The required answer is an exact copy of the lines from the one containing "What could be" to the end of the listing, both included, without any pictures.
** Opening PROVIDED MATERIAL block **
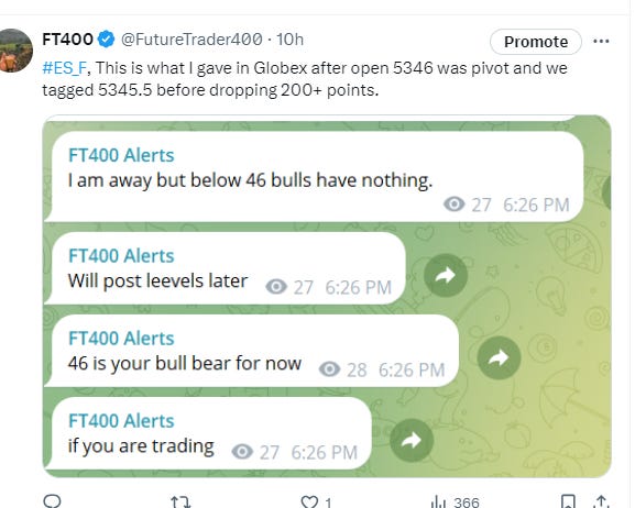 Sub stack subscription does not include real time telegram alerts it only includes this nightly news letter with levels and possible setups. For real time alerts please go to https://futuretrader400.substack.com/about
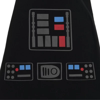 What could be cuter than seeing your baby dressed up as Darth Vader in this officially licensed wearable blanket? This gift set includes one 100% cotton jersey wearable blanket and one lovey/security blanket. The wearable blanket has a front printed panel with graphics depicting the tech components on Darth Vader’s chest and tummy. There are square and rectangle shaped gray boxes with blue, red, and gray buttons. The side zipper has a unique construction. It was designed not to interfere with the look and provides easy access to baby for diaper changes. Recommended for safe sleep, this medium size fits babies 6 – 12 months or 16 – 24 pounds. The lovey/security blanket is 14” X 14”. It is made in a luxurious fuzzy coral fleece fabric. The lovey Darth Vader head is approximately 4” in width and has an embroidered face complete with soft helmet. The message “I make the Rules” is embroidered in red threads.
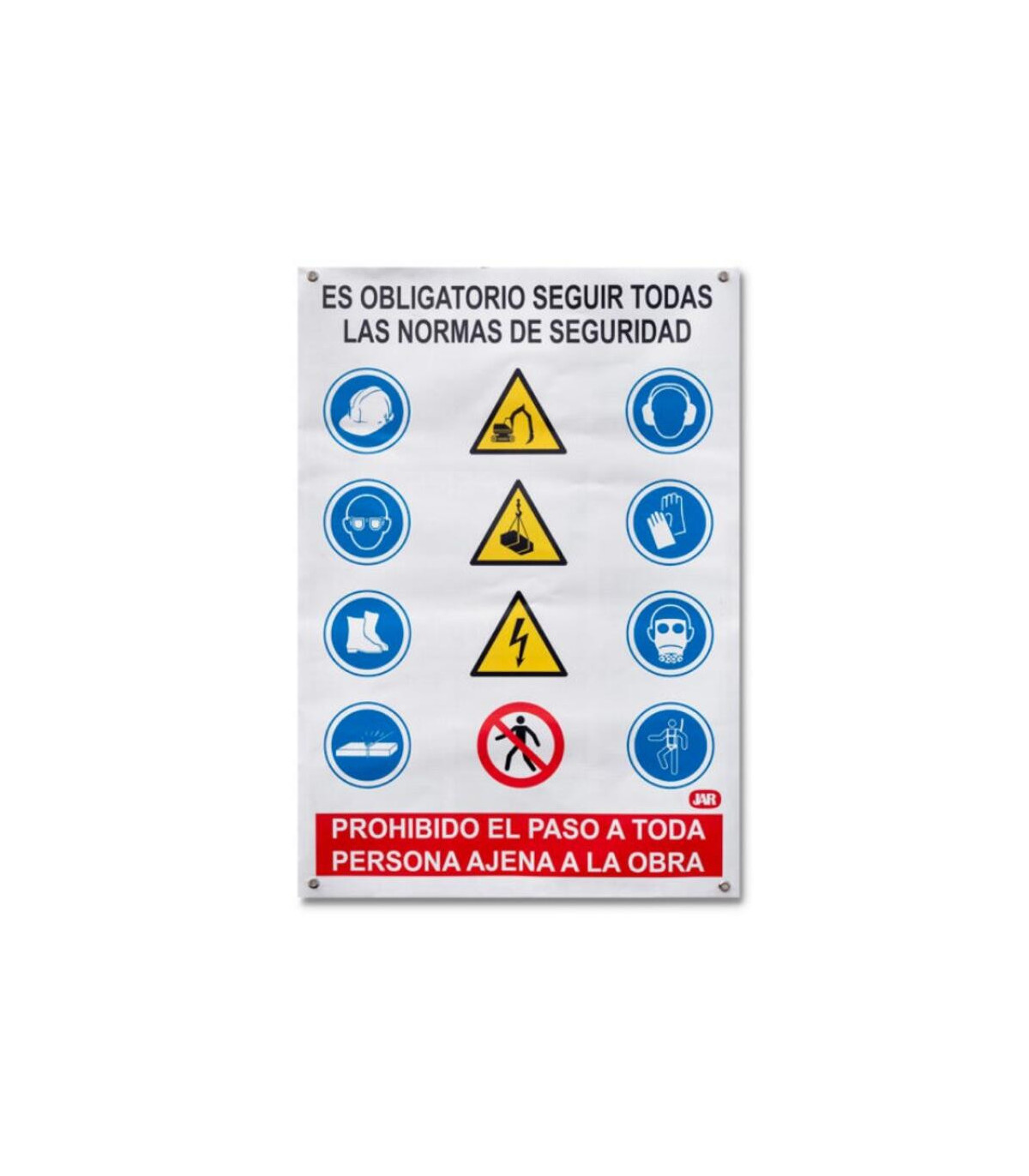 El cartel combinado de lona horizontal de 100×68 cm és una solució resistent i molt visible per a senyalització temporal o permanent en obres, espais industrials i zones d’accés restringit. Fabricat en lona reforçada, ofereix una gran durabilitat en exteriors i una excel·lent resistència a la intempèrie. El disseny combinat integra diversos pictogrames o avisos en un sol panell, facilitant la comunicació clara i immediata. És ideal per complir normatives de seguretat i millorar la informació en entorns professionals.
** Closing PROVIDED MATERIAL block **
▶ **SOLUTION FOR THIS TASK**
 What could be cuter than seeing your baby dressed up as Darth Vader in this officially licensed wearable blanket? This gift set includes one 100% cotton jersey wearable blanket and one lovey/security blanket. The wearable blanket has a front printed panel with graphics depicting the tech components on Darth Vader’s chest and tummy. There are square and rectangle shaped gray boxes with blue, red, and gray buttons. The side zipper has a unique construction. It was designed not to interfere with the look and provides easy access to baby for diaper changes. Recommended for safe sleep, this medium size fits babies 6 – 12 months or 16 – 24 pounds. The lovey/security blanket is 14” X 14”. It is made in a luxurious fuzzy coral fleece fabric. The lovey Darth Vader head is approximately 4” in width and has an embroidered face complete with soft helmet. The message “I make the Rules” is embroidered in red threads.
 El cartel combinado de lona horizontal de 100×68 cm és una solució resistent i molt visible per a senyalització temporal o permanent en obres, espais industrials i zones d’accés restringit. Fabricat en lona reforçada, ofereix una gran durabilitat en exteriors i una excel·lent resistència a la intempèrie. El disseny combinat integra diversos pictogrames o avisos en un sol panell, facilitant la comunicació clara i immediata. És ideal per complir normatives de seguretat i millorar la informació en entorns professionals.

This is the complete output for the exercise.